2.21 In December 1986, the Central Veterinary Laboratory (CVL) identified the possible emergence in cattle of a new TSE, later to be known as BSE. 1 In March 1988, in response to a request from the Ministry of Agriculture, Fisheries and Food (MAFF) for advice on the human health risk, the Department of Health (DH) proposed the formation of a Working Party on BSE chaired by Sir Richard Southwood. The remit of the Southwood Working Party was to 'establish and examine the implications of Bovine Spongiform Encephalopathy (BSE), a newly identified neurological disorder of cattle, in relation to both animal health and any possible human health hazards and to advise the Government on any necessary measures'. 2

2.22 The membership of the Southwood Working Party reflected its concern with both animal and human health and included Sir John Walton 3 who had chaired the MRC's Committee on CJD in the 1970s. 4 They met on four occasions between 20 June 1988 and 3 February 1989. (Full details of their deliberations can be found in vol. 4: The Southwood Working Party, 1988-89.)

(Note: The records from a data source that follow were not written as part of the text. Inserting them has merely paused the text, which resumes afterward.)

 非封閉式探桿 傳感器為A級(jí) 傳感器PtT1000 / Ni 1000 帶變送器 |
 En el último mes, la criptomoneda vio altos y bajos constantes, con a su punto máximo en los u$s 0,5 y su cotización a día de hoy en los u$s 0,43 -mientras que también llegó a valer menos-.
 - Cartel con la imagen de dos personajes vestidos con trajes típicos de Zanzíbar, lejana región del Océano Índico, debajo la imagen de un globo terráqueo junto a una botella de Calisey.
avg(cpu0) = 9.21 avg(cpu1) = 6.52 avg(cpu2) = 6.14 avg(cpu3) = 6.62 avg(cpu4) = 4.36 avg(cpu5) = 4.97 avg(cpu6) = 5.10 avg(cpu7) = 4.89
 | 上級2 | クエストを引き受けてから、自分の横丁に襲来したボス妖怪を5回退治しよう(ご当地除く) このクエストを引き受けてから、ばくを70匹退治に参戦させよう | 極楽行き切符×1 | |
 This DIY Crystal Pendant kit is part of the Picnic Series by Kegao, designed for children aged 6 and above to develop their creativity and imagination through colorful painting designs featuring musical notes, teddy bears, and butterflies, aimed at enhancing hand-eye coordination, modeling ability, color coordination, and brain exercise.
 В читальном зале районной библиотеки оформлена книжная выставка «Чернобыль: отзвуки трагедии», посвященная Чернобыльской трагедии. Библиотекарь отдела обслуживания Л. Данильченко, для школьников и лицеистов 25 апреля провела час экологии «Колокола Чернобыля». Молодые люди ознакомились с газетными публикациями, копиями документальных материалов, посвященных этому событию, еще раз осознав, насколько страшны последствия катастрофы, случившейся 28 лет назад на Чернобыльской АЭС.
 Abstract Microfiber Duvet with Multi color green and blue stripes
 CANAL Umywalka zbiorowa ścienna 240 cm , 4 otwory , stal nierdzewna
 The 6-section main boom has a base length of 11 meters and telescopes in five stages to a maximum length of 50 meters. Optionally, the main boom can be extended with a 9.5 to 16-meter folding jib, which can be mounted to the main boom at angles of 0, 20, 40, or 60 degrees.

2.23 The Southwood Working Party discussed the risk that BSE posed to human health. They knew that a link between scrapie in sheep and the human TSE, CJD, had been suggested, but they also knew that there was no evidence to support this suggestion. 5 However, they were aware that the agent causing BSE might be a more 'virulent' agent than that causing scrapie, hence the recommendation to destroy carcasses of BSE-affected cattle.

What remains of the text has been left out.